Small example: The command "openssl genrsa -out rsa.key 100" generates
an RSA key pair with a 100 bit long modulus. Execute
"openssl rsa -in rsa.key -text" to print the key:

modulus 'N' = 1033328981239965908482322556937
public exponent 'e' = 65537
private exponent 'd' = 419137041797792997701877718877

[You'll also get the two prime numbers, but this is what we want to
calculate now.]

1st step: calculate 'k * phi(N) = e*d - 1'
( 'k * phi(N) = 27468984308301959690387960062041948' )
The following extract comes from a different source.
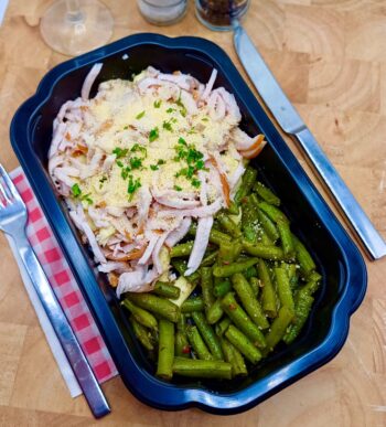 – Schep de maaltijd over in een hittebestendige ovenschaal. Zet de oven op 160 gr. Celcius en maa het gerecht in ca. 15 minuten warm.

2nd step: calculate 'k = ceil(k * phi(N) / N)' and extract 'phi(N)'
( 'k = 26583' and 'phi(N) = 1033328981239963875047510065156' )

3rd step: use 'phi(N) = (p - 1)*(q - 1)' and 'N = p * q' to find the
factors of 'N'
( 'p, q = (N + 1 - phi(N))/2 +/- sqrt(((N + 1 - phi(N))/2)^2 - N)' )
( 'p, q = 1016717406245891 +/- 19629134555712' )
( => 'p = 1036346540801603' and 'q = 997088271690179' ) ;-)

Yes. But is "e*d - 1" always a multiple of Phi(N)? I mean, knowing
that N,e,d are RSA keys [*], it is sure that "e*d - 1" is divisible
by "p-1" and by "q-1", but is it always divisible by "(p-1)*(q-1)"?

[*] Which makes very probable that d is not "1/e mod Phi(N)" but
"1/e mod lcm(p-1,q-1)".

mm
.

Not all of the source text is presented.